Posted: Sat Jan 03, 2009 5:49 pm
by JackScott
JohnnyTheDon wrote:I would have to disagree. At least from observing its operation and its hardware requirements, it seems that Windows (at least XP and Vista) are full of bloat code. When I switched from Windows Vista Ultimate to Linux (Ubuntu) I noticed a visible speed increase. My average memory usage was also cut in half in many situations.
It's not the Windows kernel that's the problem. The core Windows files are fine. It's the extra UI bloat that kills XP and Vista, simply because people want that. It's simple economics: Microsoft make what people want, and people buy it. Cycle continues. I turned off all the extra services and processes and UI "enhancements" that come with Vista, and now my laptop runs faster than anything else I've ever used.

Re: Development path Linux (or lets make a really great system)

Posted: Sat Jan 03, 2009 5:58 pm
by JohnnyTheDon
JackScott wrote:It's the extra UI bloat that kills XP and Vista, simply because people want that.
Have you tried any of the Linux UIs (gnome, kde, etc.)? I find that gnome actually has more built in features than Windows. And unless Vista's design was very radically changed from XP, the GUI is implemented inside of the kernel (This may no longer be the case, but I know that Windows has always done it that way in the past).

Re: Development path Linux (or lets make a really great system)

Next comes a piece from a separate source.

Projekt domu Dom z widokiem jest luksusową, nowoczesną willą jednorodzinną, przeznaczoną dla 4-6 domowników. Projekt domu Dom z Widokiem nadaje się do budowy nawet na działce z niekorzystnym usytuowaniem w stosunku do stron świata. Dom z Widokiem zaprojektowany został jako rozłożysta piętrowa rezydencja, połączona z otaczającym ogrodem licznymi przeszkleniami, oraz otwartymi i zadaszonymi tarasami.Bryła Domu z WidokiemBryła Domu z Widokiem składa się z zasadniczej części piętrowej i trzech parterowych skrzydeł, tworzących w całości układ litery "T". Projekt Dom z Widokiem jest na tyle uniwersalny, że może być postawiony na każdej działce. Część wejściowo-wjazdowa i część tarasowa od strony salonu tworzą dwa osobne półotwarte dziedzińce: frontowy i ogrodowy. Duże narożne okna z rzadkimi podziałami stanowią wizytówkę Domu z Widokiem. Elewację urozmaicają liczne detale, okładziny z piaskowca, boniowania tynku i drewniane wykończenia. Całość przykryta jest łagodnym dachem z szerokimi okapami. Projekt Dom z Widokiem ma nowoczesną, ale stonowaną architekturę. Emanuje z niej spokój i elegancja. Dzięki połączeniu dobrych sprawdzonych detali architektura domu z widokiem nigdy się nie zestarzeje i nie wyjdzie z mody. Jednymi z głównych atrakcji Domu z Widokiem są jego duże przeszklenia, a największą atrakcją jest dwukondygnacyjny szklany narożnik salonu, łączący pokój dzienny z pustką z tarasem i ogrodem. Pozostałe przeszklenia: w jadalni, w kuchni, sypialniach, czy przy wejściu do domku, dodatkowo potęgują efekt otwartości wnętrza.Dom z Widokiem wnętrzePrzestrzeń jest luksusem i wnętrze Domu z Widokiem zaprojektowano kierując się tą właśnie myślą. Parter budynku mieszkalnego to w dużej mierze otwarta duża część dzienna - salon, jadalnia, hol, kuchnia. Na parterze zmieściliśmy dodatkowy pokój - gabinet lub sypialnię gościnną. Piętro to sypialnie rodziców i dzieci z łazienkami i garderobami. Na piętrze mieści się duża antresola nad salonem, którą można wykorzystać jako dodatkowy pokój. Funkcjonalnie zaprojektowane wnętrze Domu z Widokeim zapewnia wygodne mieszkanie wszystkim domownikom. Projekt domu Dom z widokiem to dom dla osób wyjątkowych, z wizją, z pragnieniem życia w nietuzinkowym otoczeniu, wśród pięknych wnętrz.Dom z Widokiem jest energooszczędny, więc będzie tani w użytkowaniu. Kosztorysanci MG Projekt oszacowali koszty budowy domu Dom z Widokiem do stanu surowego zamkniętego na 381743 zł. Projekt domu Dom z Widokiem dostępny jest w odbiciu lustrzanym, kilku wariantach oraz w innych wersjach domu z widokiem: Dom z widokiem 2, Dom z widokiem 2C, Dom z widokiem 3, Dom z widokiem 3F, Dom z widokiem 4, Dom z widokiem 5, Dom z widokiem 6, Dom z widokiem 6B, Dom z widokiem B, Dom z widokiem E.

Posted: Sat Jan 03, 2009 7:13 pm
by Troy Martin
JohnnyTheDon wrote:Troy, I remember you wishing for some trolls previously :) . Be careful what you wish for.
Yeah, but I wanted cotton back so I could screw with his "mind" again.

Re: Development path Linux (or lets make a really great system)

Posted: Sat Jan 03, 2009 7:27 pm
by piranha
2. Drivers had Linux versions. This by far is the biggest issue I've had with Linux. When I used my onboard wireless card, I had to not only compile the driver myself, I had to fix a problem that prevented it from compiling. The average user doesn't know C, and would be out of luck in such a situation.
Yeah. I used to have to hack at the Nvidia drivers to get them to compile...lol

But seriously, I like the idea of developing the perfect OS, hell Im sure we all do. But the feasibility of it must be questioned.